Sora Aoi: Crossing the cultural divide (through porn)
Porn might be illegal in mainland China, but that hasn’t stopped amply-bosomed sex-kitten Sora (or Sola) Aoi attaining a level of celebrity there practically unheard of for an adult actress (let alone a Japanese one).
With her Chinese name now registering more than 41 million page hits on Google (exceeding the not-inconsiderable likes of Mao Zedong, Yao Ming and Confucius) the sexy, savvy JAV idol’s star is most definitely on the rise.
Having made her AV debut in 2002 (aged 18, in the Alice Japan release Happy Go Lucky!), the now-27-year-old Sora quickly branched out into other areas, and as of this year has featured not only in Japanese variety shows and dramas, but also in the award-winning Thai movie Hormones and on Korean TV. Expanding her horizons beyond not only the genre that launched her but the shores of her homeland itself has seen Sora begin to make a name for herself all across Asia.
“But it’s China,” writes The Daily Beast‘s Isaac Stone Fish “where an increasingly open-minded middle class pushes back against government censorship, where Sora and her team have been concentrating most of their efforts.”
Of particular note is Sora’s popularity among China’s denizens of the interwebs (her Weibo account – think a Chinese Twitter – sees her every published thought, no matter how trivial, forwarded and commented upon literally thousands of times). ‘Sora is so popular because she has really communicated with Chinese netizens,’ Hecaitou, an influential Chinese blogger, is quoted as saying.
Publicly practicing her Chinese calligraphy; studying Mandarin; launching an effort to raise relief funds for a major earthquake in Western China — Sora’s sincere efforts “[seem] to resonate with everyday Chinese men.” “There are some AV stars who are very fake,’ muses William Peng, a 26-year-old salesman from Shanghai. ‘I think Sora’s not too artificial or insincere.”
Her level of popularity with the Chinese everyman (and woman) ranges from the sweetly supportive (“Even though Sora has taken off her clothes, she’s just a saint who’s also taken off her clothes.”) to the outright hilarious — one police station became a laughing stock when netizens uncovered that it had set up a Weibo account solely for the purpose of following Sora.
As The Daily Beast’s article puts it: ‘That a porn star in China can reach 2.8 million fans on Sina’s Weibo and become part of the domestic debate…shows the widening space for controlled sexual expression in Chinese media… Ultimately though, Sora faces one possibly insurmountable hurdle in her rise to Chinese superstardom. To be blunt: She’s Japanese.’

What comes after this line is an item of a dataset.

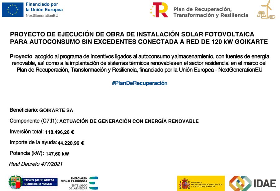 GOIKARTE, S.A.Ugaldeguren, 1 - Parcela 5 - III - C | 48170 ZAMUDIO (Vizcaya)T. 944 540 300 | F. 944 540 225

Whether or not lingering cultural resentment between China and Japan will scupper Sora’s chances of capitalising on her newfound celebrity remains to be seen, but, with enterprising young Chinese routinely dodging firewalls or arranging illicit meetings under bridges to get a hold of her material, it seems a safe bet that she won’t be easily ejected from the public consciousness (“[Even] the big news websites have her,” says student Xu Cheng. “We don’t need to look at the websites we’re not supposed to in order to see her.”). As befitting someone with the pseudonym ‘Sora’, for this red-hot goddess the sky really is the limit.